**EXERCISE INSTRUCTIONS**: Return each entry word for word, without its pictures.

**Entries taken from a collection**:
+ + +

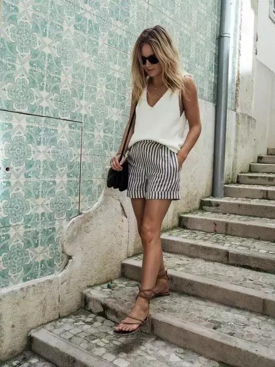 豎條紋的款式能夠拉長腿部線條,和普通基礎款短褲相比也多了幾分獨特。
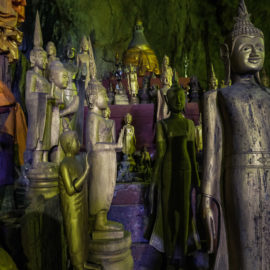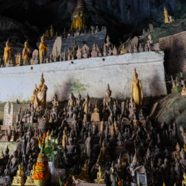 Nous continuions notre croisière sur le Mékong avec au programme de l’après-midi, visite de la grotte de Pak Ou. Cette dernière est connue pour ses 5000 statues de bouddha disposées un peu partout et répartis dans les deux chambres du haut et du bas. Je m’attendais à quelque chose de vraiment impressionnant car quasiment tous les guides, site internet ou blog que j’ai pu lire en parlaient. Ça me paraissait être un véritable incontournable des alentours de Luang Prabang. En réalité je n’dirais pas ça ! Pour nous c’était plus un trou dans la roche décoré de bouddha donc payer une entrée pour visiter ce site, bif bof ! Ensuite nous avons rejoins un petit village situé en bord de rive où les habitants produisent du « whisky ». C’est évidemment pas celui qu’on connaît mais c’était sympa d’aller voir comment ils produisent cet alcool local. On a aussi pu faire une dégustation que je n’ai pas vraiment apprécié contrairement à Tom ! Vous avez vu c’est sympa les serpents et scorpions dans les bouteilles, huuuum ! 🙂
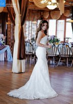 Платье на молнии. В идеальном состоянии, после химчистки. Шлейф можно крепить крючками сзади. Кружева и декоративные милые пуговки. Создает прекрасный силуэт. Длина на 176 см (с туфлями). Если вы ниже, всегда можно подрезать. Платье Абелла от дизайнера Юсуповой! Из коллекции 2013 года!
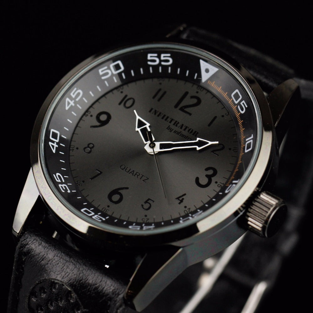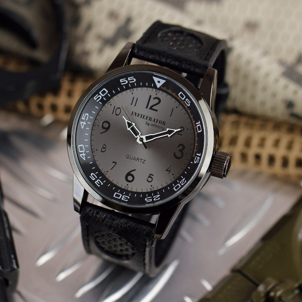 INFANTRY Mens Analog Quartz Wrist Watch Top Brand Luxury Black Leather Band Army Sports Watch 12 Hrs Display Relogio Masculino
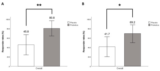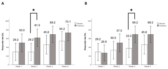 Overall responder rates assessed by VAS scores were also significantly higher in the probiotics group than in the placebo group (69.2% vs. 41.7%, p = 0.048) (Figure 3B). Serially, both groups demonstrated significant improvements in SGA scores and reductions of VAS scores during the entire treatment period, most notably in the probiotics group. At week 2 in SGA and week 3 in VAS score, the weekly responder rates were distinguishably different. However, the difference in other weekly responder rates did not reach statistical significance (Figure 4).
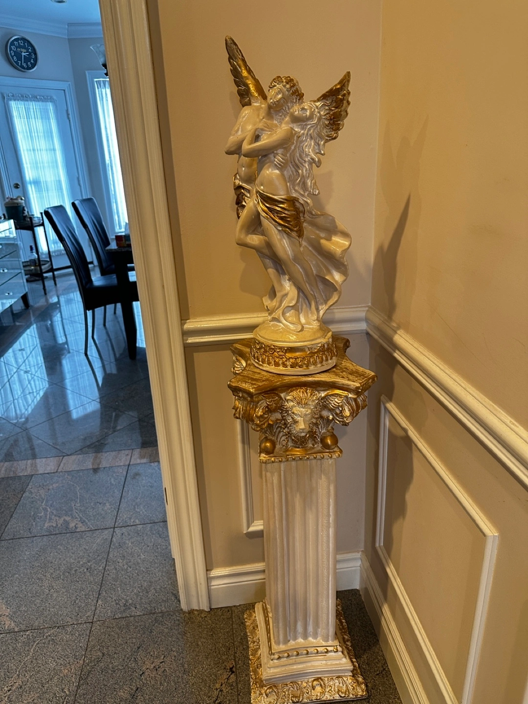 Elegant, decorative set. Features a tall pedestal with a lion head detail and a sculpted angel couple statue. Off-white and gold colour scheme. Perfect for a classical or romantic interior.
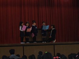 講堂で2年生の4人の代表が、2学期に頑張ったことを発表しました。
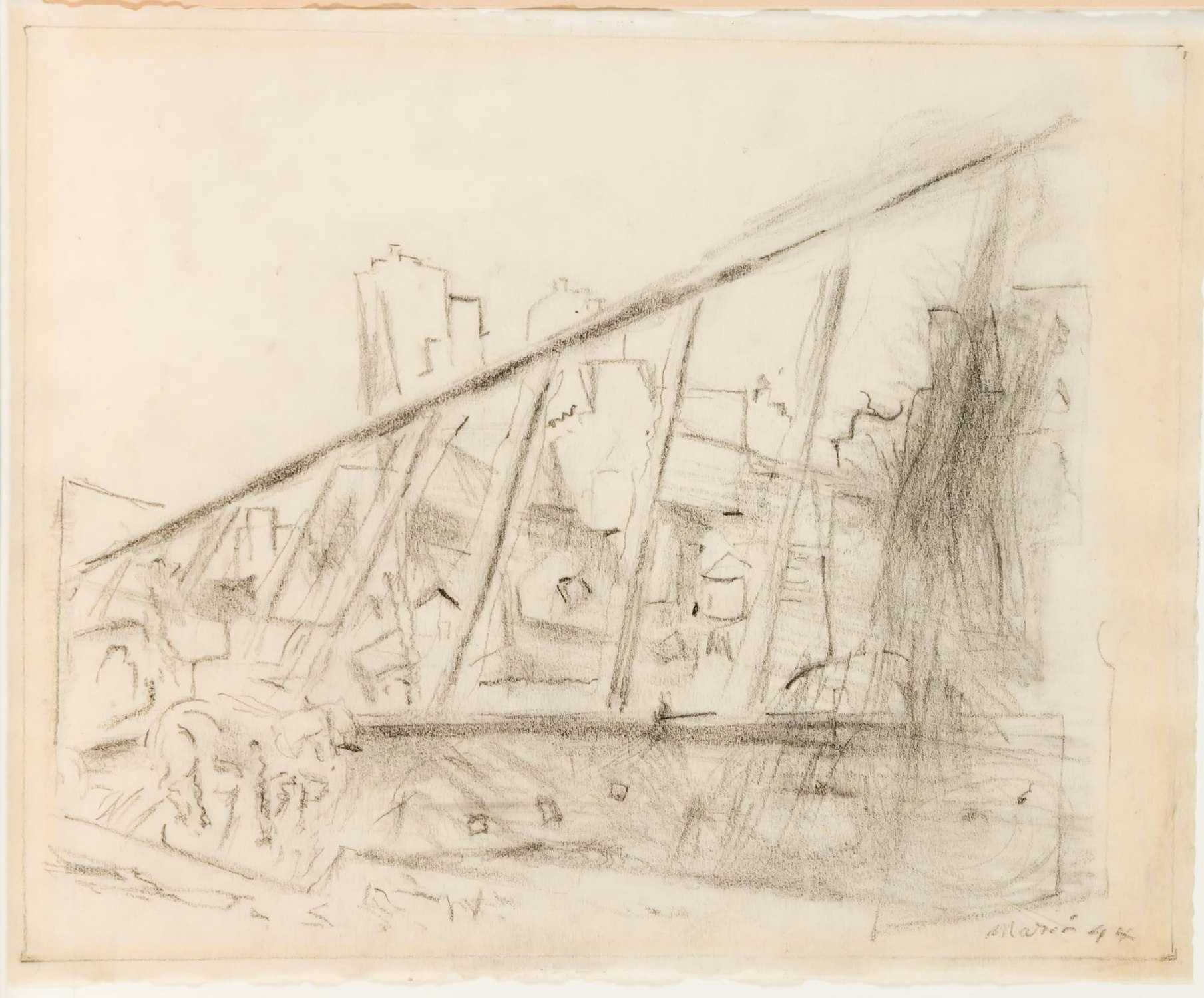 John Marin, Brooklyn Bridge — On the Bridge, 1944, graphite on tracing paper, 6 ⅝ × 8 ⅛ in. (16.83 × 20.64 cm.), Arkansas Arts Center Foundation Collection: Gift of Norma B. Marin, New York, New York. 2013.018.210
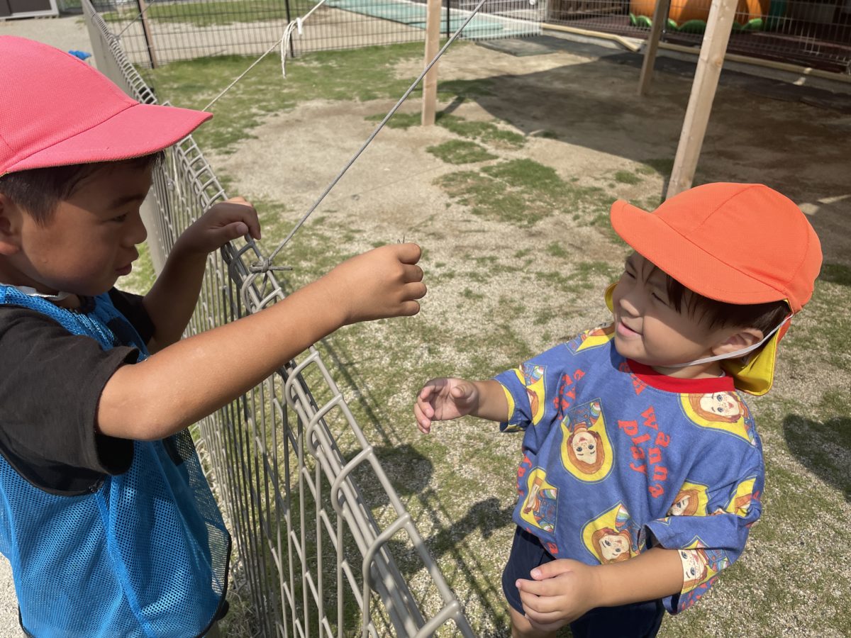 園庭では、 大きいクラスのお兄ちゃんお姉ちゃんの様子を見ながら声をかけてもらったりする姿が多く見られました。トンボを取っている姿を見て声をかけると「みせたろかー?」と、見せてもらったり・・・

+ + +

**SOLUTION TO THIS TASK**:
 豎條紋的款式能夠拉長腿部線條,和普通基礎款短褲相比也多了幾分獨特。
 Nous continuions notre croisière sur le Mékong avec au programme de l’après-midi, visite de la grotte de Pak Ou. Cette dernière est connue pour ses 5000 statues de bouddha disposées un peu partout et répartis dans les deux chambres du haut et du bas. Je m’attendais à quelque chose de vraiment impressionnant car quasiment tous les guides, site internet ou blog que j’ai pu lire en parlaient. Ça me paraissait être un véritable incontournable des alentours de Luang Prabang. En réalité je n’dirais pas ça ! Pour nous c’était plus un trou dans la roche décoré de bouddha donc payer une entrée pour visiter ce site, bif bof ! Ensuite nous avons rejoins un petit village situé en bord de rive où les habitants produisent du « whisky ». C’est évidemment pas celui qu’on connaît mais c’était sympa d’aller voir comment ils produisent cet alcool local. On a aussi pu faire une dégustation que je n’ai pas vraiment apprécié contrairement à Tom ! Vous avez vu c’est sympa les serpents et scorpions dans les bouteilles, huuuum ! 🙂
 Платье на молнии. В идеальном состоянии, после химчистки. Шлейф можно крепить крючками сзади. Кружева и декоративные милые пуговки. Создает прекрасный силуэт. Длина на 176 см (с туфлями). Если вы ниже, всегда можно подрезать. Платье Абелла от дизайнера Юсуповой! Из коллекции 2013 года!
 INFANTRY Mens Analog Quartz Wrist Watch Top Brand Luxury Black Leather Band Army Sports Watch 12 Hrs Display Relogio Masculino
 Overall responder rates assessed by VAS scores were also significantly higher in the probiotics group than in the placebo group (69.2% vs. 41.7%, p = 0.048) (Figure 3B). Serially, both groups demonstrated significant improvements in SGA scores and reductions of VAS scores during the entire treatment period, most notably in the probiotics group. At week 2 in SGA and week 3 in VAS score, the weekly responder rates were distinguishably different. However, the difference in other weekly responder rates did not reach statistical significance (Figure 4).
 Elegant, decorative set. Features a tall pedestal with a lion head detail and a sculpted angel couple statue. Off-white and gold colour scheme. Perfect for a classical or romantic interior.
 講堂で2年生の4人の代表が、2学期に頑張ったことを発表しました。
 John Marin, Brooklyn Bridge — On the Bridge, 1944, graphite on tracing paper, 6 ⅝ × 8 ⅛ in. (16.83 × 20.64 cm.), Arkansas Arts Center Foundation Collection: Gift of Norma B. Marin, New York, New York. 2013.018.210
 園庭では、 大きいクラスのお兄ちゃんお姉ちゃんの様子を見ながら声をかけてもらったりする姿が多く見られました。トンボを取っている姿を見て声をかけると「みせたろかー?」と、見せてもらったり・・・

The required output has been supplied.